How to restore rusty cast iron without the use of harsh chemicals! When I thrift cast iron that is a little rusty (or neglect the skillets I already have...) this is my go-to method for restoring them for use in my kitchen.
Inside of your plastic bin or aluminum pan, create a mix that is 1 part vinegar to 1 part water.
Fully submerge your rusty cast-iron skillet in the water and vinegar mixture. Allow it to soak for 30 minutes.
Check to see if any of the rust is flaking off easily when you touch it with your brush. If it is not, soak for another 30 minutes.
Use coarse salt, your stiff brush, and water to scrub off the rust all over your cast iron pan.
Rinse your pan off thoroughly to ensure no rust is left on it. Dry with a towel.

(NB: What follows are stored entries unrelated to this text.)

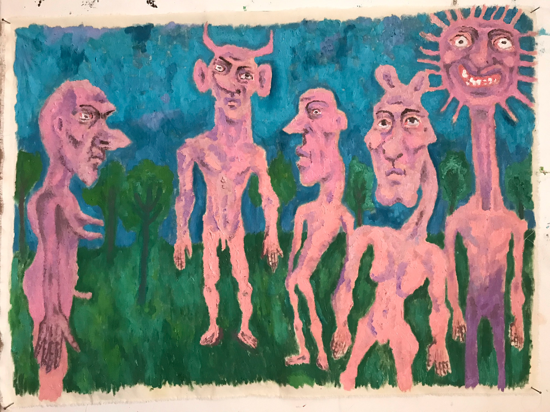 bestiário / família andarilha / gangue nômade / laboratório onde nasce e onde se gera / terra onde brota e por onde se perambula / trajeto / fenômeno e busca / calor de grupo (ORIGEM) (ELO PERDIDO), 2021, óleo sobre tela, 50 x 70 cm
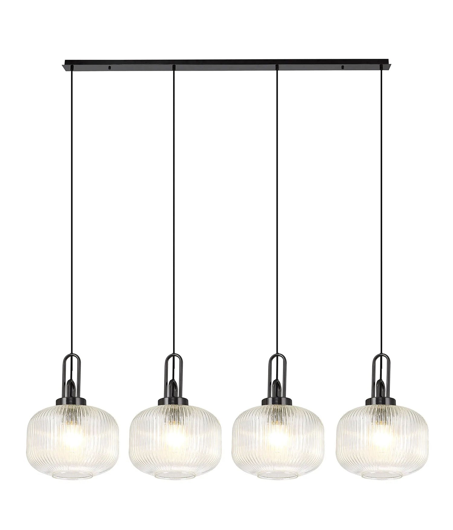 Allardyce Linear Pendant, 4 x E27, Black Chrome/Matt Black With 30cm Pumpkin Shaped Ribbed Clear Glass
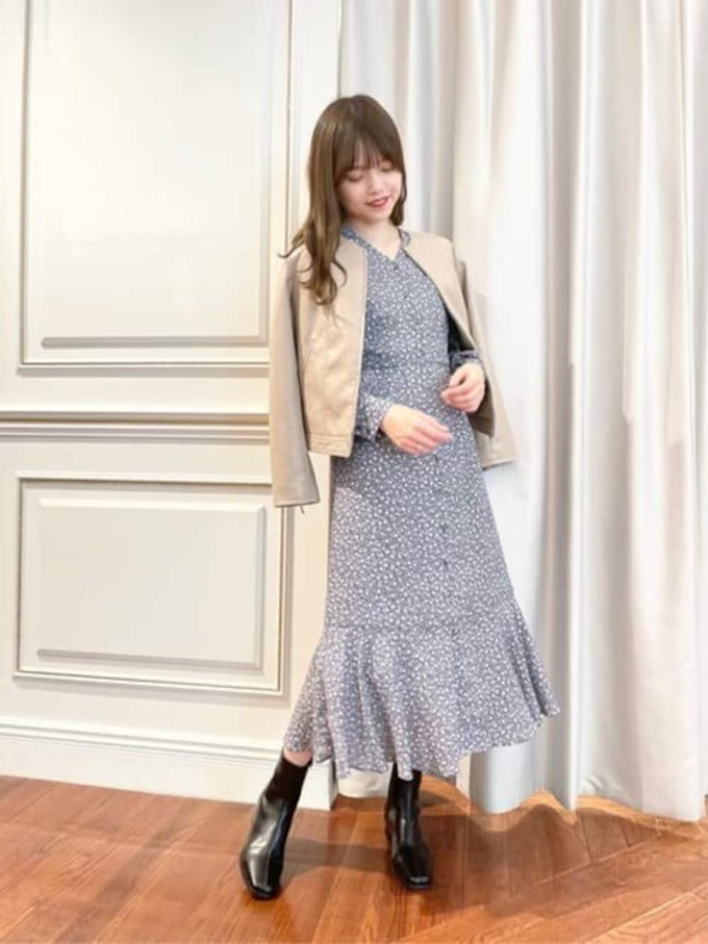 N.定番の小花柄ワンピースが今年も登場♡Vネックと裾のペプラムデザインがボディラインをスッキリ見せてくれます☺︎アウターを羽織りやすいスッキリシルエットなのも嬉しいポイントです◎ブーツを合わせて秋らしい重厚感を出しました!

Coat your entire pan with a thin layer of oil of your choosing. Wipe it down again, removing the excess oil, leaving a very light coat behind.
Dry your pan completely. You can do this by heating it on a burner (while supervising) or by heating your oven to 350°F and placing the pan upside down on an oven rack for 15 minutes.
Reseason your cast iron with a layer of oil again and then wipe it down with a dry towel.
Place your cast iron back in the oven again upside down. Set it to 500°F and leave for 1 hour.
After one hour has passed, turn your oven off. Allow the pan to stay inside as it cools all the way down.
Repeat steps 8-10 once more. (Optional: do it up to 6 times for a great reseasoning.)
Notes
Do not soak your cast iron for too long in the water and vinegar mix! Check it over every 30 minutes until you see the rust flaking off a little bit. I personally would not go longer than 2 hours.
When you preseason your cast iron, coat all sides. Even the outside, bottom, and handle!
Don't use dish soap or other soaps on your cast iron skillet.
Don't use steel wool. If you don't have a stiff brush, use the scrubbing side of a sponge instead.
Avocado oil is my seasoning oil of choice!
I used a 17 ¼ inch x 12 11/16 inch x 4 inch aluminum foil roasting pan for this project. The smallest cast iron skillet used 7:7 water to vinegar ratio. The large flat pan used an 11:11 water to vinegar ratio. The large skillet used a 16:16 water to vinegar ratio.